Le première date de la tournée de Dieudonné qui aurait dû débuter jeudi 9 janvier 2014 à Nantes n’aura pas lieu. A peine quelques heures avant le spectacle, le Conseil d’Etat a finalement invalidé la décision du tribunal administratif de Nantes. Plus tôt dans la journée, ce dernier avait annulé l’arrêté du préfet, autorisant ainsi la représentation. Figure de l’antiracisme dans les années 1980, l’humoriste Dieudonné a été condamné à plusieurs reprises pour provocation à la haine et discrimination raciale. Jouant sur les ambigüités, il justifie toutes ses outrances. Se déclarant antisioniste plutôt qu’antisémite, il se veut porteur d’un mouvement « antisystème ».
« Quand je l’entends parler, Patrick Cohen, je me dis, tu vois, les chambres à gaz… Dommage ». (1) Cet extrait du dernier spectacle de Dieudonné, Le Mur, diffusé dans le magazine complément d’enquête sur France 2 à la fin du mois de décembre a déclenché l’ouverture d’une enquête pour incitation à la haine raciale par le parquet de Paris. Ces propos ont également provoqué la réaction du ministère de l’Intérieur bien décidé à faire interdire la tournée de l’humoriste. Dès le lundi 6 janvier il diffuse une circulaire auprès de tous les préfets afin de leur exposer l’arsenal légal permettant aux maires d’interdire ces spectacles. C’est que Dieudonné n’en est pas à sa première provocation. Pas plus tard que le 28 novembre 2013, la Cour d’appel de Paris confirmait que Dieudonné s’était une fois de plus rendu coupable de diffamation, injure et provocation à la haine et à la discrimination raciale. En cause, deux vidéos diffusées sur le net. La première, une « parodie de la chanson d’Annie Cordy, Chaud cacao. » Et Chaud cacao version Dieudo, ça donne : Shoah nanas. Pour sa défense, l’humoriste affirme qu’il fait en réalité référence à des « Chauds ananas ». Dans la deuxième vidéo, Dieudonné estime tout bonnement que « les gros escrocs de la planète, ce sont des juifs ».
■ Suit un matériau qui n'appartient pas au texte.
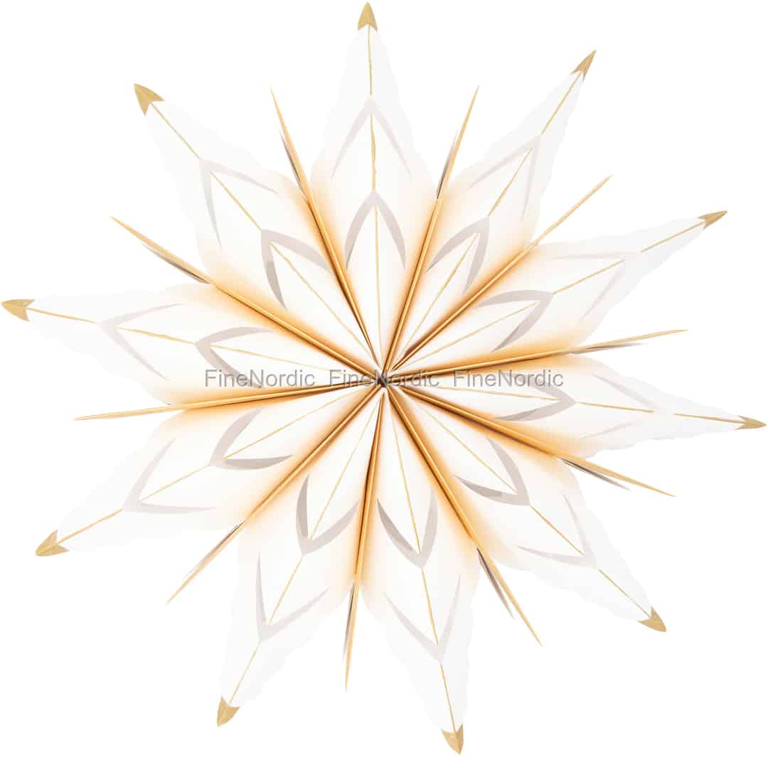 Inspirerad av den klara, stjärnfyllda himlen under en skandinavisk vinter är denna pappersstjärna från GreenGate ett mästerverk i juldesign. Varje spets och varje veck är omsorgsfullt utformat för att skapa en slående tredimensionell silhuett som tycks sväva i luften. Det krispigt vita pappret utgör en perfekt bakgrund för de varma, förgyllda accenterna som pryder dess form och fångar ljuset med ett mjukt, festligt skimmer. Det är en skapelse som talar om stilla firande och tidlös stil.

De quoi mettre mal-à-l’aise bon nombre de fans de « Dieudo version années 1990 ». Epoque à laquelle il se produisait sur les planches aux côtés d’Elie Semoun, notamment dans le célèbre sketch « Cohen et Bokassa ». Spectacle qui dénonçait les hostilités communautaires entre Noirs et Juifs en se réappropriant les clichés associés à ces mêmes communautés. Elie Semoun, alias Cohen, joue le rôle du juif gringalet, Dieudo, alias Bokassa, endosse celui du métis baraqué. « Se cautionnant mutuellement », les deux amis d’enfance parviennent à faire « voler en éclats nombre de tabous » [abcdrduson.com]. Le duo utilise l’humour et l’ironie comme une force de subversion pour désamorcer les stéréotypes racistes.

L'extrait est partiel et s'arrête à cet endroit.